Segment Start: PROVIDED MATERIAL

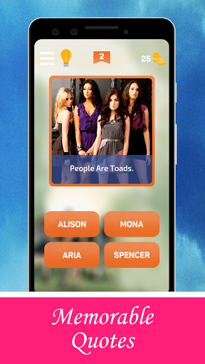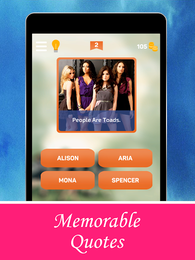 The most complex game about this TV series, where you can guess Characters (Spencer, Hanna, Aria, Emily, Alison or Ezra), Actors, Quotes and Facts from all seasons.
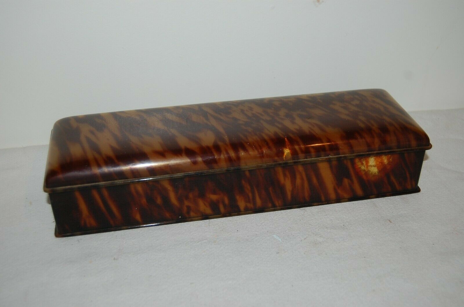 Antique Faux Tortoise Shell Velvet Lined Jewelery Box
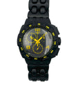 Black watch with yellow accents on a white background

Segment End: PROVIDED MATERIAL

PROBLEM REQUIREMENTS:
Everything from the line with "Antique Faux Tortoise" through the last line of the listing should be retyped exactly, with both end lines kept and the pictures left out.

ANSWER SPACE:
 Antique Faux Tortoise Shell Velvet Lined Jewelery Box
 Black watch with yellow accents on a white background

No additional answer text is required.